The Lily - from My Uncle Silas
"My Great-uncle Silas used to live in a small stone reed-thatched cottage on the edge of a pine-wood, where nightingales sang passionately in great numbers through early summer nights and on into the mornings and often still in the afternoons.  On summer days after rain the air was sweetly saturated with the fragrance of the pines, which mingled subtly with the exquisite honeysuckle scent, the strange vanilla heaviness from the creamy elder-flowers in the garden hedge and the perfume of old pink and white crimped-double roses of forgotten names.  It was very quiet there except for the soft, water-whispering sound of leaves and boughs, and the squabbling and singing of birds in the house-thatch and the trees.  The house itself was soaked with years of scents, half-sweet, half-dimly-sour with the smell of wood smoke, the curious odour of mauve and milk-coloured and red geraniums, of old wine and tea and the earth smell of my Uncle Silas himself".

Albert Finney as Uncle Silas
David Jason as Pop Larkin

His love of the countryside is exemplified in two volumes of essays entitled 'Through the Woods' and 'Down the River'.

He was 20 when his first novel was published and his most popular creation was the Larkin family in the Darling Buds of May who were inspired by a colourful character seen whilst he was on holiday in Kent.

In 1931 he married Madge Cox and they moved to the village of Little Chart in Kent and bought an old granary and this, together with an acre of garden, they turned into a home.

Bates was a keen gardener and wrote many books on flowers.  He and Madge had two sons and two daughters.  Bates died in 1974 a prolific and successful author.

The Fallow Land
"Abraham Mortimer and his son Jess were setting snares under the old hawthorn hedge that bounded their land on the north.  Haws were hanging in heavy crimson clusters among the shrivelling leaves and the pale October sun was dropping behind the line of willows skirting the west of the field.  ....
In winter the rains steamed down the slope, washing out the stones and silting the earth across the hollow in a smooth yellowish drift, and in summer the sun baked the drift to a white crust impressed with the iron-hard footprints of horses and men."


  1. I must look out for some H.E.Bates books, The Darling Buds of May I'm familiar with but as the TV series rather than the book and many years ago I've read some of his books though I'd be hard pushed to tell you which - Fair Stood The Wind For France' comes to mind though.

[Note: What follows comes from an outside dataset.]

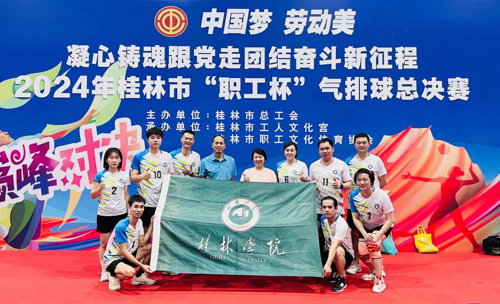 5月25日—6月1日,由桂林市总工会主办,桂林市工人文化宫、桂林市职工文化体育协会承办的2024年“职工杯”气排球总决赛在桂林市七星区国际会展中心综合球馆进行。来自全市各职工系统34支代表队408名运动员、教练员参赛。经过三天的激烈角逐,我校教职工代表队荣获第四名,为在该项赛事历届比赛中取得的最好名次。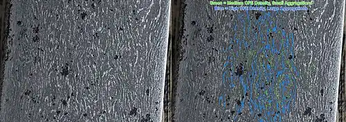 Macroscopic section of crucible steel (left) and false color labeling (right) showing rafts rich in carbide forming elements (CFEs) which lead to clustered cementite spheroids, as well as divorced cementite spheroids.

I definitely fancy Through The Woods and Down the River - must certainly look for those especially since they have those lovely woodcuts in.

  2. I've read a couple of those - a long time ago. I remember borrowing "The Purple Plain" from my Dad,and he died in 1991...
    Writers these days seldom describe natrural events and features (e.g. scenery) like H.E. Bates did.You can imagine the view with your eyes shut when he describes it.

  3. I remember reading one of his books when I was quite young I think it was about the Larkins going to France. I too remember 'Love for Lydia' as a television series with Peter Davidson and Jeremy Irons in it, maybe it was the same one you remember?:)

  4. I loved reading bates,this is a really interesting post. After "love for Lydia" people copied the hairstyle and imagined themselves as her!I wish they would repeat that series.

  5. You can see clips of Love for Lydia on You Tube - but I think I will check out if you can get it on DVD. I would love to see it again.

  6. What a lovely post Elaine, I loved reading the plotted history of H.E.Bates and seeing all of his books. I don't think I've read any although I loved The Darling Buds of May on the tv.

  7. Always a good read. I'm presuming you must also be a fan of Cold Comfort Farm!.